Когда он мне стал непосильной обузой, я предложила отвести его на нашу улицу, чтобы уже оттуда он добрел до дома. Миша взмолился:
— Не хочу домой. Поехали в Ленинград.
Нашли нас на станции. Мать, как в щипцы, взяла мою руку, дорогой дергала ее, выводя меня из спячки.
— В детский дом отдам. Там тебя воспитают.
Комната была жарко натоплена. Посреди на двух табуретках стояло цинковое корыто. Бабушка в своей юбке, надетой поверх холщовой нижней рубашки, с тонкой косицей на спине, раздевала меня, ругала мать:
— Сова своего совенка больше любит, чем ты дитя.

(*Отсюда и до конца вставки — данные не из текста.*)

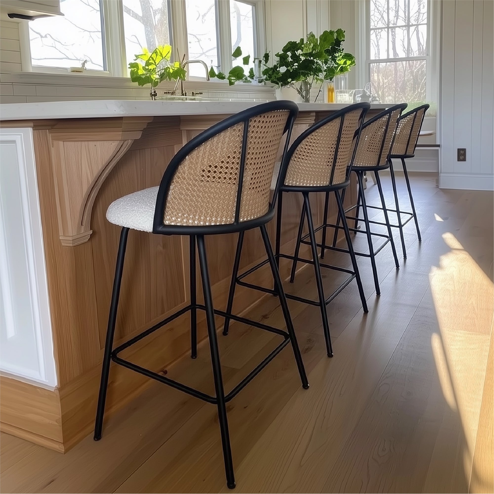 In addition, the set of 4 counter stools is easy to maintain. The materials used in its construction can withstand daily wear and tear. Wipe down the rattan backrest and the cushioned seat with a damp cloth for quick clean-up, so you can continue enjoying their beauty and functionality without stress. This practicality makes these stools a favorite among homeowners who appreciate quality, durability, and a touch of style. Feel confident that your choice will stand the test of time, making your investment worthwhile.

Одни ребра, только что под платьем не видать. Как это оно у тебя еще не завшивело, колтуном не взялось.
Она мылила мне голову бруском стирального мыла, отводя ладонью волосы назад, я жмурилась, подтягивала от страха плечи к ушам, она успокаивала:
— Не бойся, не сплющивай вочки. Мыла не надо бояться, мыло к умным — пряником, а к дурным — сатаной.

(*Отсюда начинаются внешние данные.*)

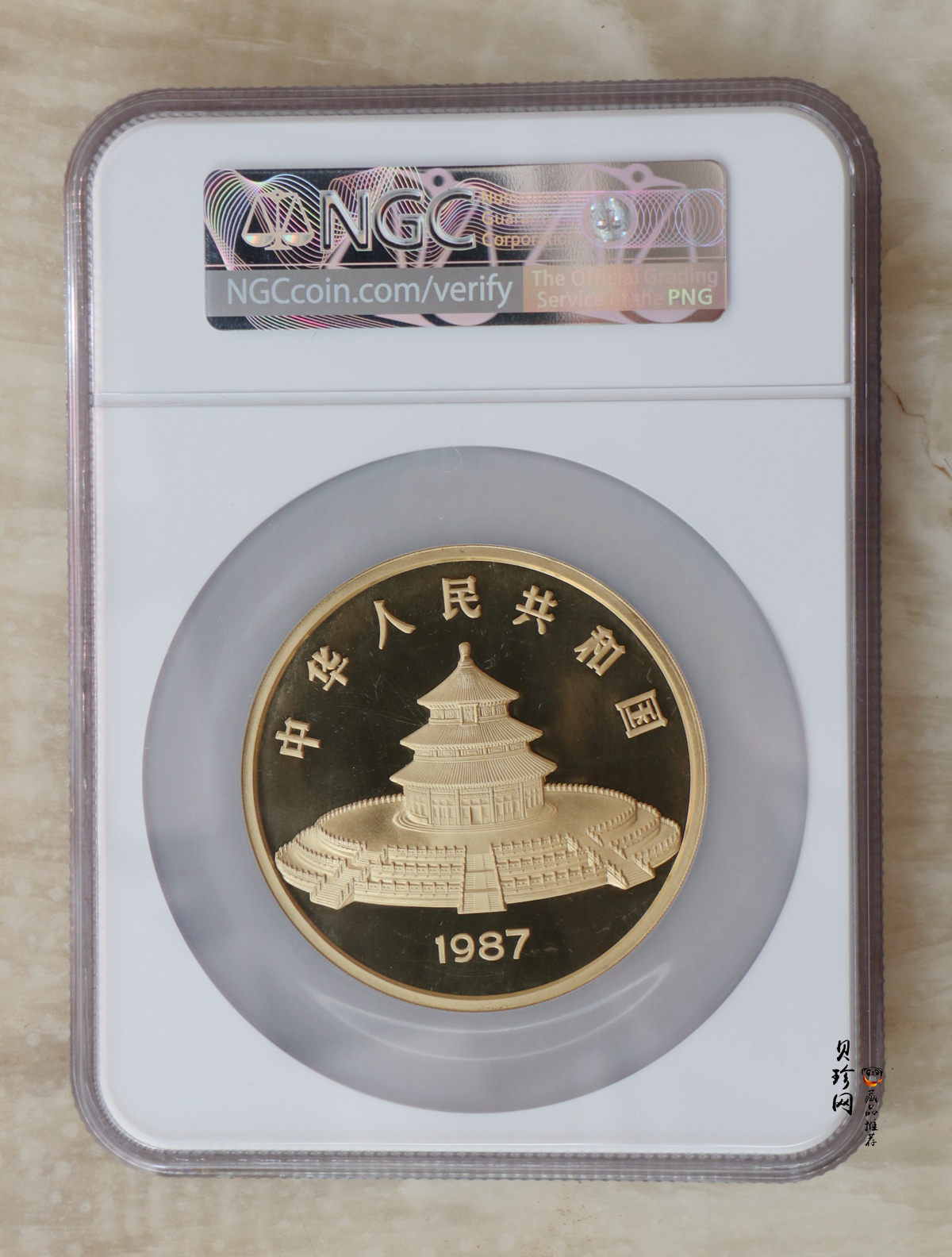 《货币贵族——中国现代贵金属纪念币》一书中提到,1987版“熊猫”币在生产工艺上创造了两个第一:一个是首次采用贵金属铂发行了一枚圆形的1盎司精制“熊猫”铂币,填补了中国金银纪念币的材料品种的空白,给钱币收藏界增添了一股新贵;另一个是在该年版“熊猫”金币上首次标注生产厂家的符号,篆刻于“熊猫”图案的右下方。

Поставила меня посреди корыта, обдавала из ковша чистой водой, приговаривала:
— С плечиков — вода, с Рэмочки — худоба.
Но утром Федька опять втерся между мной и бабушкой.
— В детский сад ей надо, — сказала мать, — нельзя, когда хочешь, не ходить. Там кормят, спят после обеда, музыкальные занятия…
— Когда уеду, тогда и пойдет, — ответила бабушка. — Мы с ней и не поговорили еще. Я ей и про Федьку не рассказала.
— Вечером бы рассказала. Выходной будет.
Мать боялась бабушку. Сидела на стуле, как на лавке во дворе, поглядывая по сторонам, не находя себе дела. Когда бабушка вышла на кухню, мать шепнула мне:
— Про Новый год ничего не рассказывай.
На Новый год мать устроила, как она называла, вечер. Была моя воспитательница из детсада Женя, еще две женщины, Игнат и двое военных. Стол выдвинули на середину, покрыли белой скатертью, кто-то принес патефон. Я уснула под крики и смех за столом. Если нельзя — я не буду про это рассказывать. И на всю жизнь запомню — вино на столе, веселые шумные женщины, ребенок в углу комнаты за печкой — это такое, про что рассказывать нельзя.
Бабушка разложила на столе невиданной красоты материю. По желтому сатиновому полю фиолетовые и красные цветы. Материя блестела, переливалась так, что глядеть на нее нельзя было не моргая. Бабушка кроила мне платье. Потом примеряла.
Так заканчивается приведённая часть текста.